Dans la foule, on murmure timidement : « Tout de même, si on avait pu faire la paix il y a un an ?… »

— On s’efforce, en Allemagne, de dénoncer la résolution du Reichstag du 19 juillet 1917 sur la paix sans annexion ni indemnité.

En France, on n’a jamais tant parlé de cette résolution que depuis le moment où les pangermanistes veulent l’abolir. À l’époque où elle fut prise, on ne voulut pas la connaître. Elle passa inaperçue, grâce à la presse. Il en fut de même de l’offre de paix du Kaiser du 12 décembre 1916. On veut l’ignorer. Quand on fait récapituler à quelqu’un les tentatives de paix — Lettre de Charles Ier, offre du Pape, affaire Briand-de Lanaken — ce quelqu’un omet régulièrement la première et la principale, celle de l’Empereur d’Allemagne en décembre 1916.

— Clemenceau reste très populaire, surtout dans les classes que notre mode d’instruction a laissées encore incultes. Dans les caves, le 11 mars, quand on apprit le bombardement du ministère de la Guerre, on soupirait : « Pourvu que M. Clemenceau soit à l’abri ! » L’amour de la foule va à ceux qui la perdent. Elle est femelle. Elle adore ceux qui lui font du mal avec violence. Elle méprise ceux qui lui veulent doucement du bien.

— Il faudrait pouvoir se faire des yeux neufs, des yeux frais et, avec cette vision affranchie, regarder les événements. Je crois que leur monstrueuse folie apparaîtrait. Même la sensibilité et l’humanité laissées à part, ne découvrirait-on pas le caractère nouveau de cette guerre ? Ne s’apercevrait-on pas qu’elle ruine et qu’elle ne paie pas ? Ne reconnaîtrait-on pas que tous les mots où l’on veut l’inscrire sont trop petits, trop étroits ? Et on veut y faire entrer ces énormes événements… Enfin, ne verrait-on pas que ces mines, ces gisements pour lesquels on se bat au fond, valent cent fois moins qu’ils ne coûtent à conquérir !

— Au café, quatre bourgeois jouent à la manille. Ils commentent le bombardement quotidien.

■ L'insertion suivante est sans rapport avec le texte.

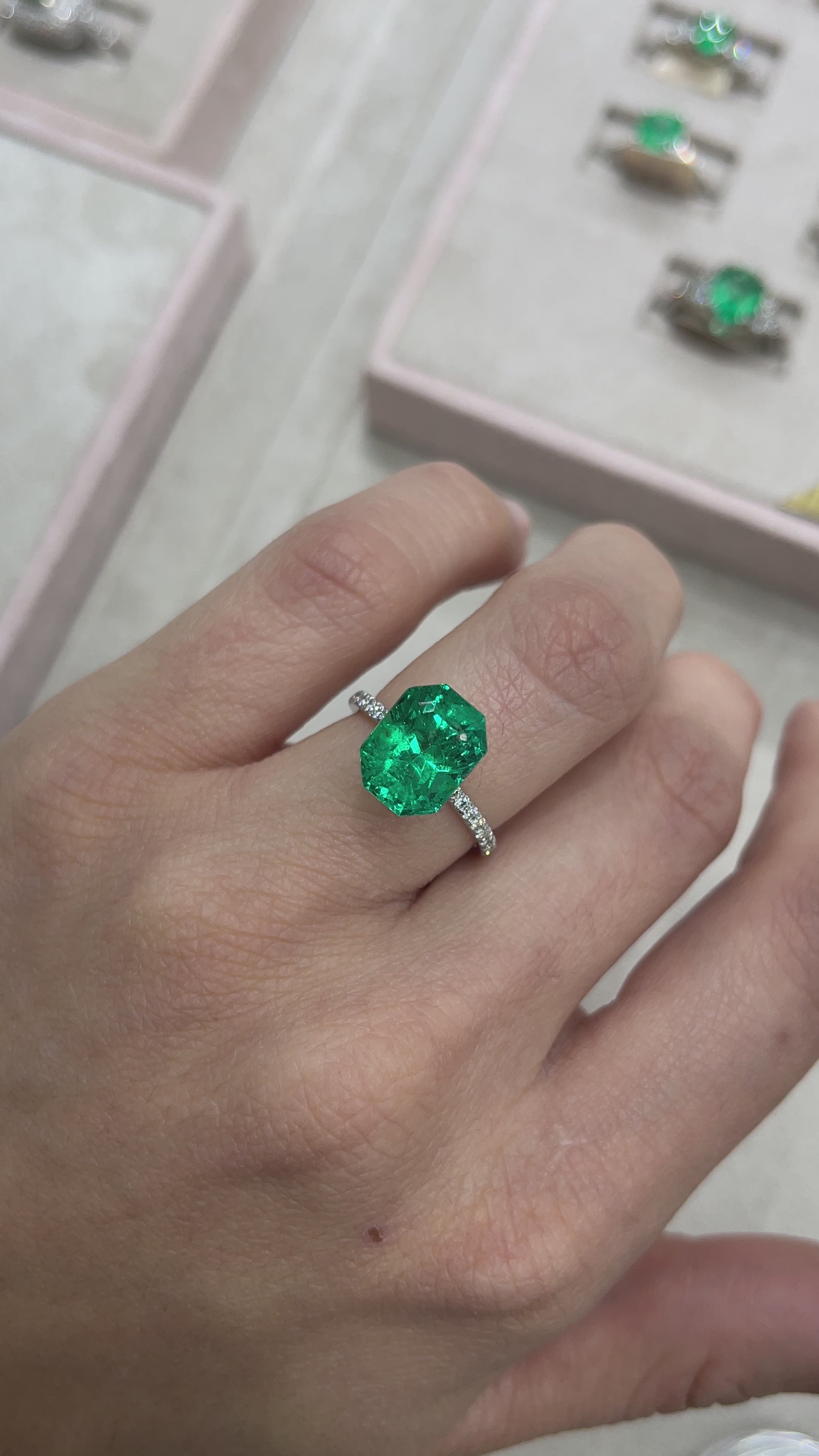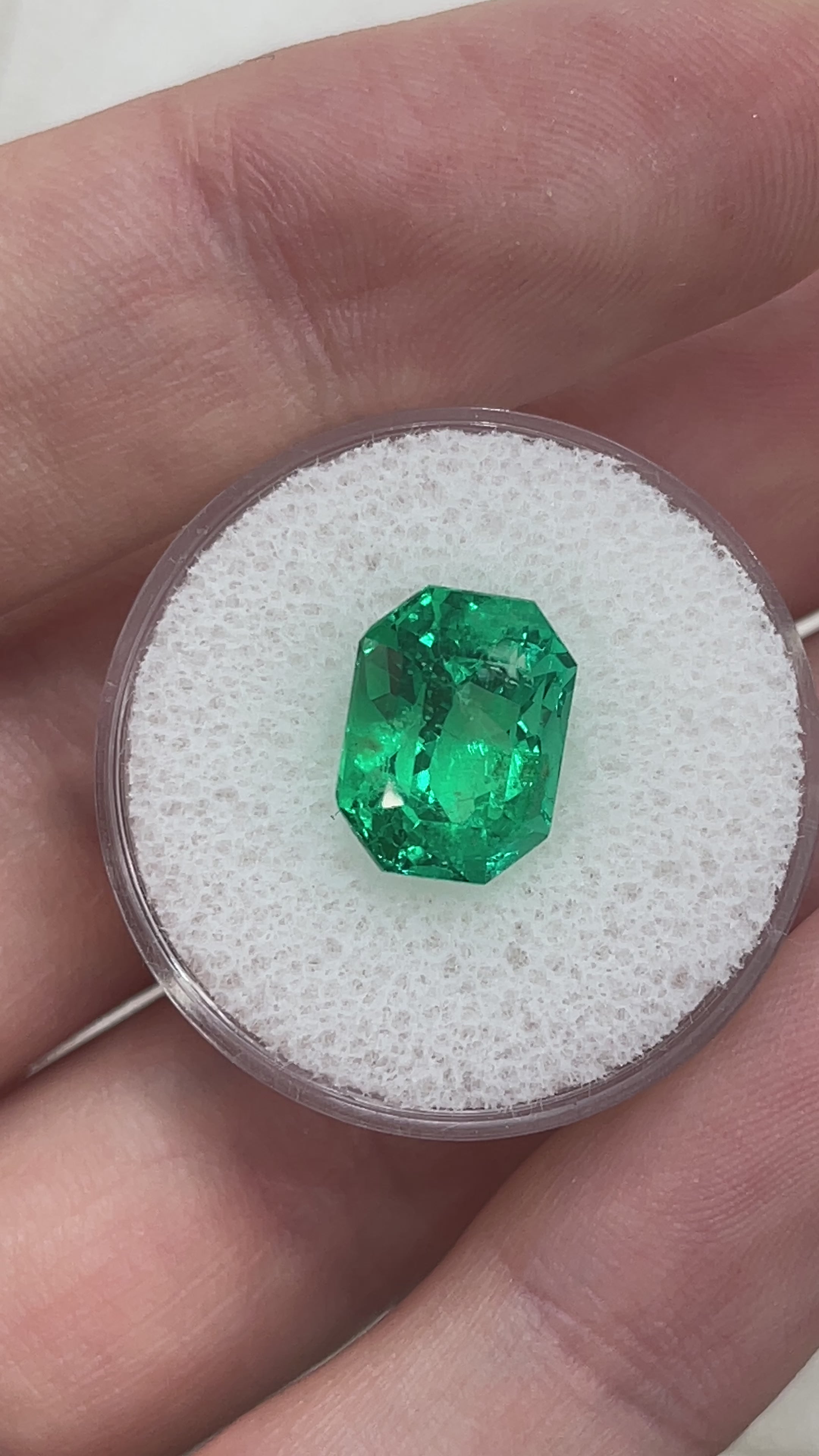 5.21 Carat 11.5x9 Vivid Bluish Green Emerald Cut Colombian Emerald with Clipped Corners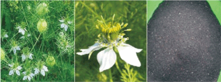Figure 1. Photographs of the Nigella sativa plant, flower and seeds. This figure was reproduced from Ahmad, et al. [1] publication on the basis of noncommercial license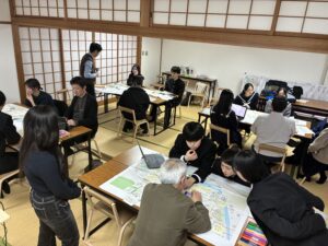 その後は、「なぜ大学生が津和野と関わることが大切なのか?」をテーマに、卒業生の佐々木太一さんの進行で哲学対話が行われました。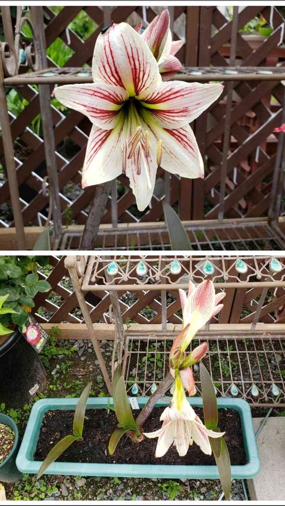 今年5月のアマリリス😊母が育てていたのを初めて株分けと言うものをしたので咲くか心配してましたが、何とか咲いてくれました。今は葉っぱが沢山出て来たので来年の春は沢山咲いてくれる事を願ってます😊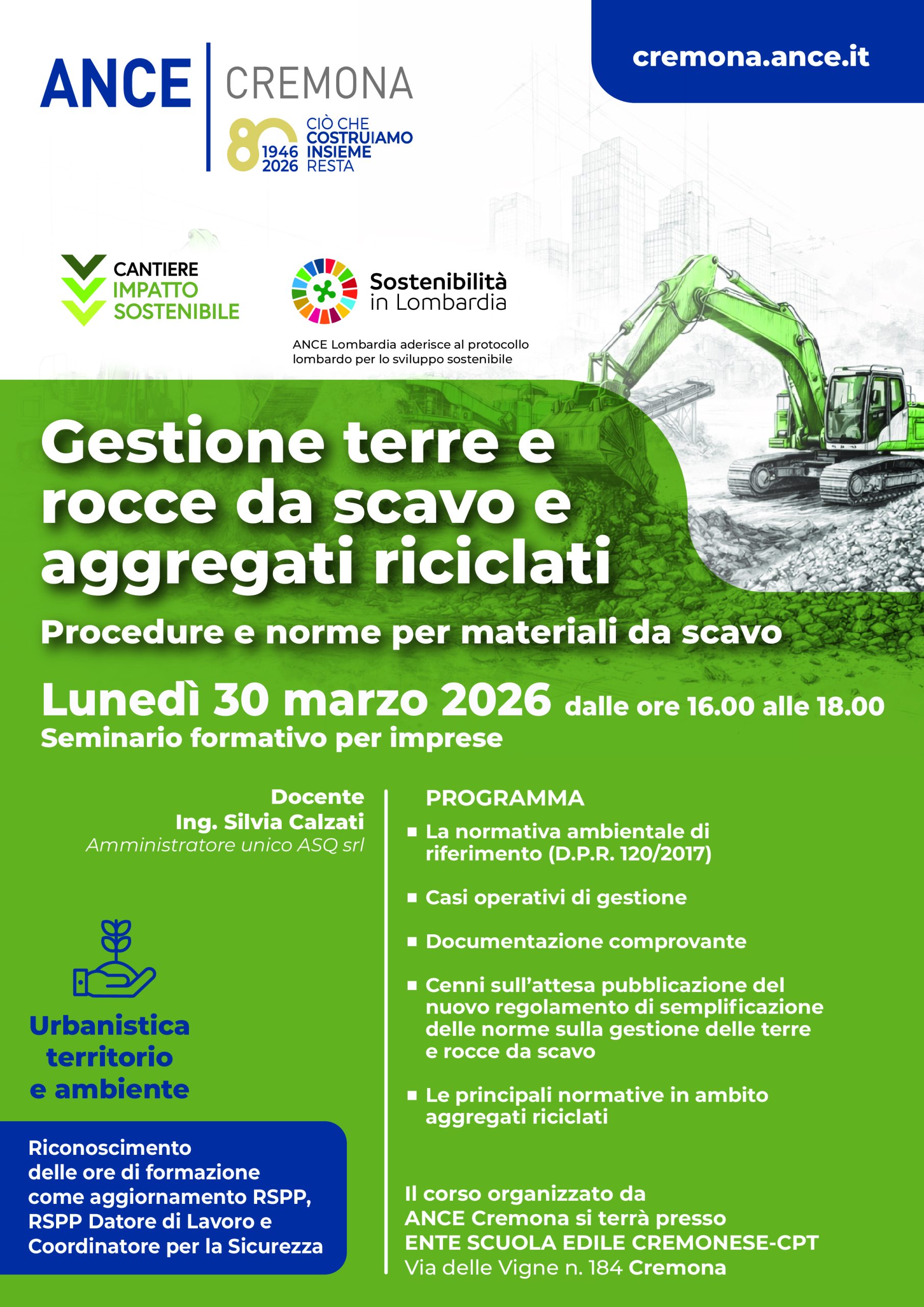 Il secondo incontro si svolgerà LUNEDI’ 30 MARZO ore 16.00-18.00 sul tema: Gestione terre e rocce da scavo e aggregati riciclati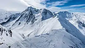 ![]() View from the north on the west ridge leading off Mont Turia. From left to right Mont Turia, Mont Pourri (in the back), Col des Roches (3,435 m), and Aiguille du St-Esprit (3,414 m). | |
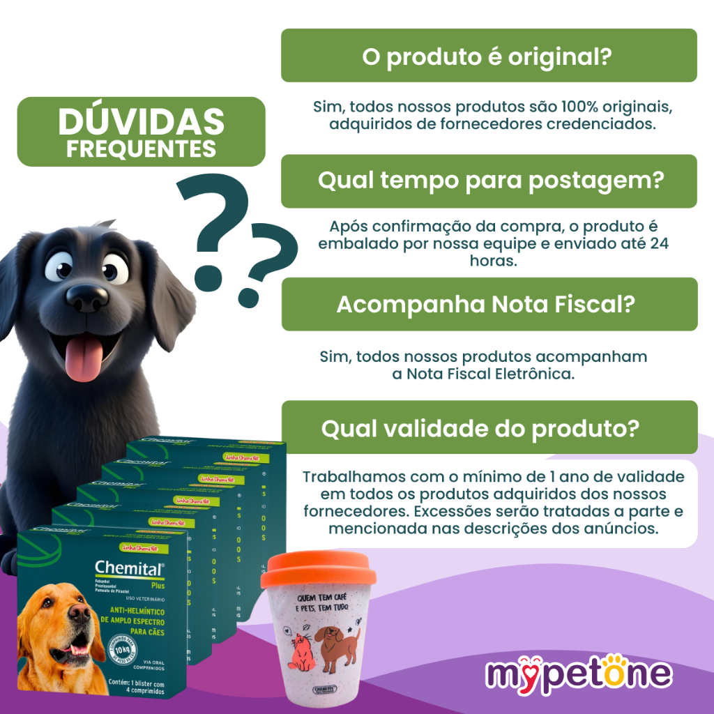🐶 Chemital Plus para Cães + Copo Café Pet ☕ – Proteção Completa Contra Vermes! ✅ Amplo espectro ✅ Seguro para fêmeas prenhes ✅ Copo de Café exclusivo incluso! 🐾 Dê adeus aos vermes e proteja a saúde do seu cão com segurança e praticidade! O Chemital Plus da Chemitec é um vermífugo de uso oral que combate com eficiência os principais vermes que atingem os cães, incluindo cestóides, ancilostomídeos, ascarídeos e tricurídeos – responsáveis por sintomas como perda de peso, fraqueza, diarreia e pelagem opaca. Sua fórmula poderosa com Praziquantel, Pamoato de Pirantel e Febantel garante ação eficaz e ampla margem de segurança, sendo indicado inclusive para fêmeas gestantes, em qualquer fase da gestação. 🎁 Especial Copo de Café Pet incluso! Leve na compra do produto – um mimo para quem cuida com carinho! ✨ Benefícios do Chemital Plus Cães: - Combate completo contra vermes intestinais - Seguro para cães de todas as idades, inclusive prenhes - Pode ser administrado junto à ração ou alimentos - Não exige jejum ou cuidados prévios - Alta palatabilidade 📦 O que você recebe: 5 Caixas de Chemital Plus Cães 1 Copo de Café Pet (exclusivo)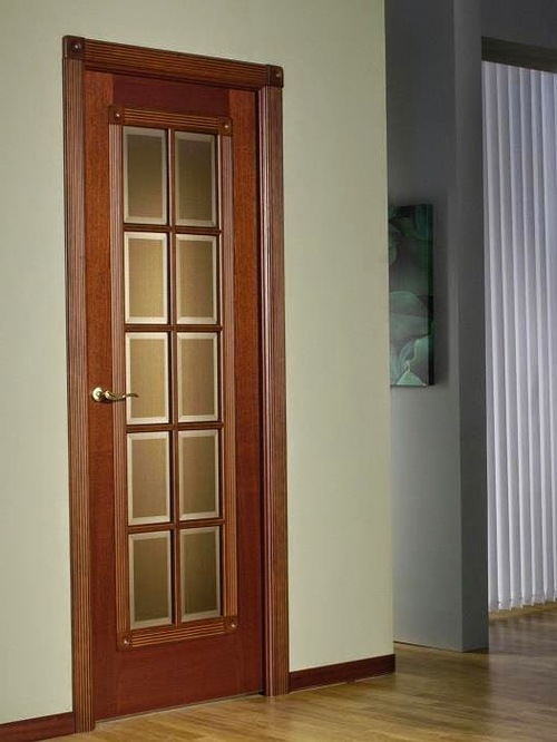 • яркие створки превосходно справляются с ролью декоративных акцентов в «наряде» комнат. Компанию им составляют спокойные и нежные расцветки, заключающие золотистые, оранжевые, сиреневые, бежевые нотки. Отличная идея - купить межкомнатную дверь из темного шпона вишни для помещения, в облике которого присутствуют зелёные элементы. Такой ансамбль смотрится весьма естественно.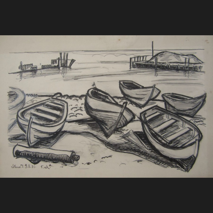 Egon Oskar Von KAMEKE, Barques (faerings) en Norvège, dessin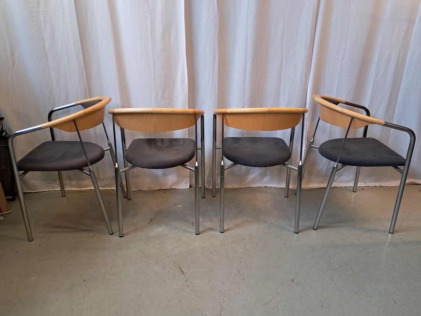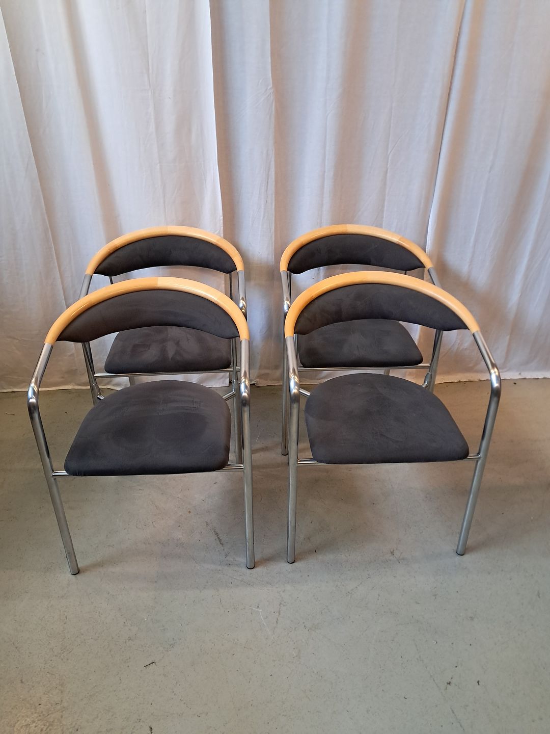 4 Chairman stole af Henrik Tengler i metal med alcantarabetræk, fra 2010erne.De har brugsspor.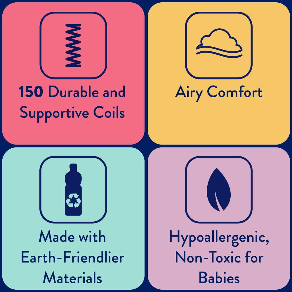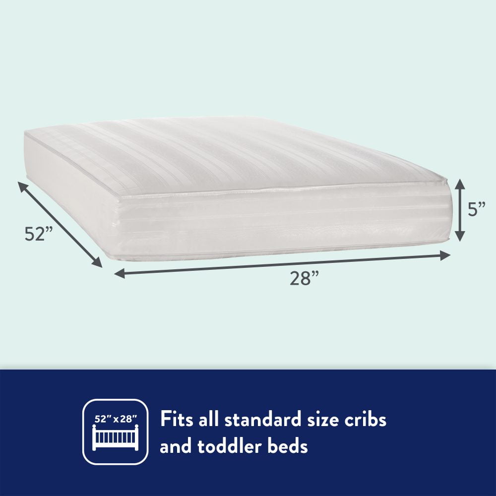 150 heavy-gauge steel coils for firm support throughout the sleeping surface Firm and comfortable hypoallergenic cushioning Measures 51.63″ x 27.25″ x 5.25″ to fit snugly in cribs and also fits toddler bed frames GREENGUARD Gold Certified — the higher GOLD standard means this entire crib mattress has been tested to stricter standards for indoor air quality a help create a healthier sleeping environment for your baby Ten-year warranty on workmanship and materials Passes quality and safety standards including crib fit testing, durability, air quality and ASTM crib mattress safety standards Beds sold separately. See our assortment of beds. Bed frames sold separately. See our assortment of bed frames. Great for platform beds. Requires foundation or box spring with standard bed frames. Foundations sold separately. See our assortment of foundations.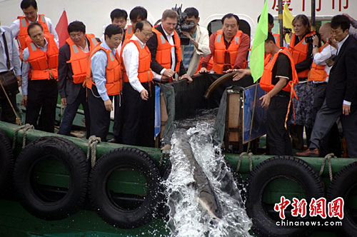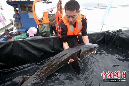 中新社廈門4月22日電 (記者 陳悅)22日下午,廈門在九龍江雞嶼海域放流108尾有“魚類活化石”之稱的中華鱘。其中四只在海洋公園保育基金贊助下,首度配上“衛(wèi)星追蹤信標”,相關(guān)專家表示,這將是中華鱘研究及保育的一大突破,將開展有效保育中華鱘新的一頁。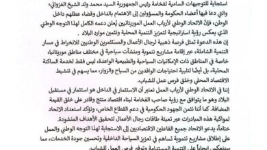رئيس الإتحاد الوطني لأرباب العمل يصدر البيان التالي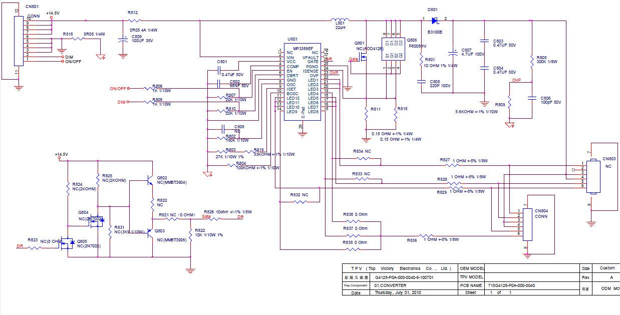 Jbg... ,nisi napisao da si rasturao displej.Te tri linije sa dioda što idu na čip,one idu na drein koji je u samom IC.Koliki je napon na elkou C807 (katoda D801)?Da bi IC proradilo treba da dobije "ON" sa digi ploče, takođe i regulacija svetla(R506 i R805) .Da li na tim otporima ima promene napona ?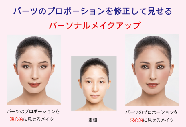 そして、基準との差を埋めるようパーソナルメイクアップのデザインを提案します。メイクアップはレッスン形式で行い、おうちに帰られてから復習できるよう、スマホでの動画撮影もしていただけます。また、プロポーション修整のメイクだけでなく、イメージ表現のためのパーソナルメイクアップもご教示させていただきます。顔分析画像、メイクアップのビフォーアフター画像などはすべてご本人にメールでお渡しします。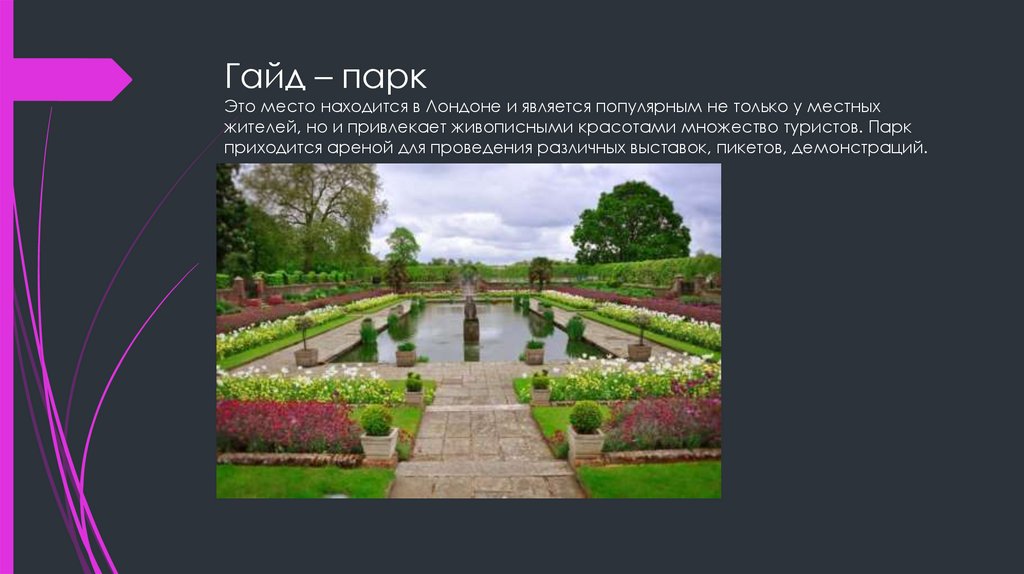 Гайд – паркЭто место находится в Лондоне и является популярным не только у местных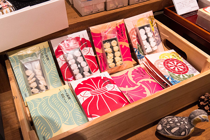 富山県高岡で創業170余年を迎える大野屋さんのラムネは、和菓子の木型が生み出す美しい造形と、国産の素材で作られたやさしい味わいです。味と型によって数種類あります。パッケージもおしゃれで人に上げたくなるようなラムネですね!
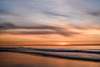 Landschap op het strand van Scheveningen, Zuid-Holland, met zicht op de noordzee tijdens zonsondergang. Hier is gebruik gemaakt van meervoudige belichting. Twee foto's werden samengevoegd in de camera, waarvan één foto normaal scherp is, en de andere is een ICM, ofwel intentional camera movement, wat het geheel zacht en een beetje…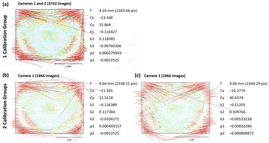 (a) Calibration report for a workflow where all the cameras are in the same calibration group, with diagram of the residuals of the tie points and estimated internal parameters. (b,c) Calibration report for a workflow where the cameras are divided into two calibration groups for Camera 1 (b) and Camera 2 (c).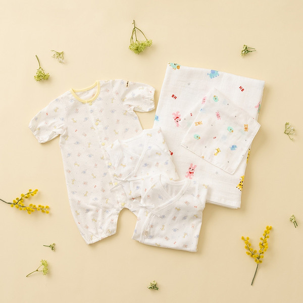 イメージ拡大 イメージ拡大 ミキハウス ホットビスケッツ mikihouse HOT BISCUITS スターターセット 春夏用 アイボリー(アニマル) 出産準備 5点 セット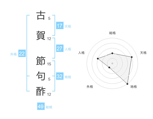 古賀 節句酢さんの総格は49画の2点!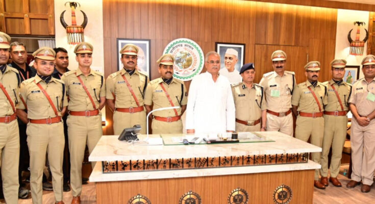 A delegation of trainer officers of Indian Police Services, led by Director of Netaji Subhash Chandra Bose State Police Academy Chandkhuri, paid courtesy call on Chief Minister Mr Bhupesh Baghel at his office in the Vidhan Sabha premise. Chief Minister Mr Bhupesh Baghel congratulated the trainee Officers and advised them to stay alert and updated about the current challenges, crimes and cyber crimes, and motivated them to perform their duties as police officers with diligence and dedication. On the occasion, Mr. Akash Kumar Shukla, Mr. Aman Raman Kumar Jha, Mr. Ravindra Kumar Meena, Mr. Rohit Kumar Jha, Mr. Ravindra Kumar Meena, Mr. Rohit Kumar Shah, and Mr. Udit Pushkar from IPS Batch 2021, and Mr. Chirag Jain and Mr. Umesh Prakash Gupta of IPS Batch 2020 were also present.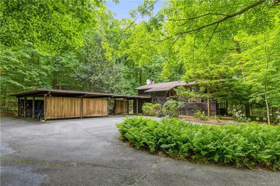 Mid-century modern & effortlessly elegant, this 5 bedroom, 2.5 bath cedar contemporary will soothe your soul. Just you & mountain views on 3.72 secluded, woodsy acres, yet only 45 minutes from NYC! Open flow and walls of glass on ground level bathe you in abundant light & bring the natural world outside in.Hand-crafted stone fireplace, efficient kitchen w/huge pantry & breakfast nook facing the spectacular property. Rustic slate foyer next to floating staircase leads to 4 spacious BR on top floor w/cathedral ceilings, wood floors, laundry room.Master bedroom suite has walk-in closet/dressing area, full bath & stone fireplace.Office & another guest BR on 1st floor.Enchanting screened gazebo w/stone fireplace overlooks slate patio perfect for lazy summer days & crisp autumn nights under the stars.Bonus: wine cellar, beautiful vintage furniture included if desired.Award-winning Suffern schools, close to train, bus, shops, hiking,etc.You don't have to go on vacation--it's here year 'round!

Et j’entends : « Je joue trèfle — Il y a quatorze morts — Je coupe atout — Quarante blessés — Cœur ! Des femmes — Atout, atout, et pique ! »

— Des journalistes aux armées sont guidés par un lieutenant du G. Q. G. Ils s’engagent dans un boyau et l’officier leur dit à voix basse : « À droite… à gauche… suivez les bas côtés… » Ému par cette voix amortie, un journaliste interroge : « À combien sommes-nous des premières lignes ? » Toujours de la même voix sourde : « Quatorze kilomètres. » Le journaliste ; « Alors, pourquoi parler bas ? » Le lieutenant : « C’est que j’ai une extinction de voix. »

— Le 26. L’aviateur allemand Rechshoffen est tué. On annonce qu’il abattit 80 avions. C’est à ces occasions-là seulement qu’on prend conscience qu’il y a des avions français détruits. Car nos communiqués, taisant nos pertes, donnent l’impression qu’on tue sans être tué.

— Le « sentiment national » est récent. En France, il ne peut pas être plus vieux que la France, il ne peut pas avoir plus de 500 ans. Le stupéfiant, c’est qu’il soit plus fort que certains instincts nés avec la créature, depuis des millions d’années, comme le sens maternel, l’amour ! À quoi on répondra que ce sentiment national est lui-même à base de haine et d’orgueil, instincts aussi vieux que l’homme.

— Un roman qui s’intitulerait « 100 millions par jour » : le bon tyran dépenserait par jour, pour le bonheur de son peuple, la même somme qu’on dépensait pour la guerre. Chaque jour verrait éclore une œuvre utile ou aimable : on encouragerait les inventions, les entreprises gigantesques, les grands progrès sociaux ; les beaux rêves humains deviendraient des réalités… Hélas ! Au bout de trois mois, ce serait la révolution ! Le peuple, qui a consenti à payer pour son malheur, refuserait de payer pour son bonheur.